Was ist der Kern der aktuellen Krise?

Es gibt drei große spaltende Themen: die Wirtschaft, Russland und die Flüchtlinge. Innerhalb der EU gibt es hier ganz unterschiedliche Prioritäten. Für Frankreich und Italien hat die Wirtschaft Priorität, für Polen und die Balten die Bedrohung durch Russland und für Deutschland die Flüchtlingskrise. Deshalb müssen wir wieder zusammenkommen – und alle drei Probleme lösen.

Überall in Europa wachsen populistische Parteien und Bewegungen, auch in Deutschland. Hat Europa überhaupt noch eine Basis?

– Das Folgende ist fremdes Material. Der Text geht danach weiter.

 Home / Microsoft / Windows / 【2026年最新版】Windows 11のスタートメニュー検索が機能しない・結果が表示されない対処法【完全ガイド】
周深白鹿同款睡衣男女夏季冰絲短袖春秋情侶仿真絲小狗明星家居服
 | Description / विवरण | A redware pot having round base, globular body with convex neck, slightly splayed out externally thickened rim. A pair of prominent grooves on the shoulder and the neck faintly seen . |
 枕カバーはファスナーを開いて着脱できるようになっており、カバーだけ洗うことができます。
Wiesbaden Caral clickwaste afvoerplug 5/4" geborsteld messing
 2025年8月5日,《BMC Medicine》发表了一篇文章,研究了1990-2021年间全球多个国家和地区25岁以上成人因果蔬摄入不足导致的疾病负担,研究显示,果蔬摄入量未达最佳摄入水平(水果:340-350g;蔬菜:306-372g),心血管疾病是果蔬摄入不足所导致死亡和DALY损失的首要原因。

Rechts- und Linkspopulisten verbreiten die Illusion, dass wir unsere Probleme durch den Rückzug auf die nationale Identität und die Schließung von Grenzen lösen können. Dieser Illusion erliegen die Menschen nur,  wenn Europa es nicht schafft, seine Bürger davon zu überzeugen, dass europäische Lösungen funktionieren. Das geht weit über die Flüchtlingskrise hinaus.

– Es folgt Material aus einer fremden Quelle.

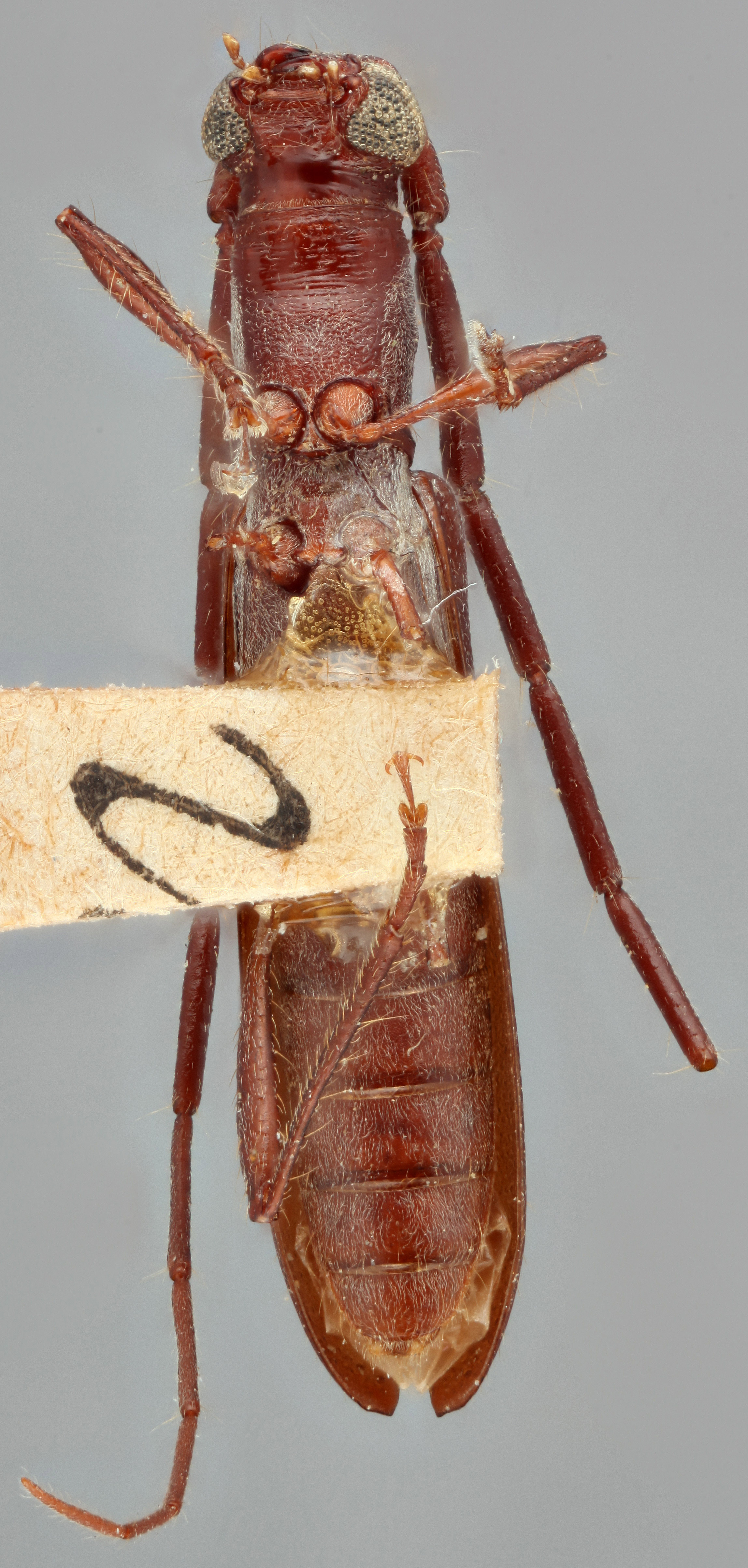 : antennal length reaching/surpassing end of body, antennal flagellar segments elongateelongate:

Das müssen Sie uns erklären…

Ein Europa, das in Ländern wie Frankreich oder Italien über Jahre hinweg eine Jugendarbeitslosigkeit jenseits der 25 Prozent zulässt, kann diesen jungen Menschen gegenüber doch nicht glaubwürdig vertreten, dass ihre Zukunft in Europa liegt.

Kann man Deutschland und die anderen EU-Staaten denn für die Wirtschaftspolitik in Frankreich haftbar machen?

Wir dürfen uns jedenfalls nicht darauf zurückziehen, dass Probleme wie Jugendarbeitslosigkeit  nationale Probleme sind. Die wirtschaftliche und soziale Lage in Frankreich hat zu einem politischen Stillstand geführt, der am Ende auf Deutschland zurückschlägt. So funktioniert weder unsere Partnerschaft noch kann Frankreich seine führende Rolle in Europa ausfüllen.

Welche Schlussfolgerung sollten die Deutschen daraus ziehen?

Wir sollten uns sehr genau vor Augen führen, was es für Gesellschaften bedeutet, wenn über Jahre hinweg Teile der Bevölkerung in der Gesellschaft keinen Platz finden. Wenn die Frustration über fehlende Perspektiven zum Massenphänomen wird, kann das dazu führen, dass sich ganze Gruppen von der Demokratie und von Europa  abwenden. Deshalb muss Deutschland noch in weit stärkerem Maße eine Politik  unterstützen, die in den Problemländern der EU die soziale Spaltung überwindet und Arbeitsplätze für junge Menschen schafft. Auch wenn das Geld kostet.

Das Gespräch führten Hans Monath und Ulrike Scheffer.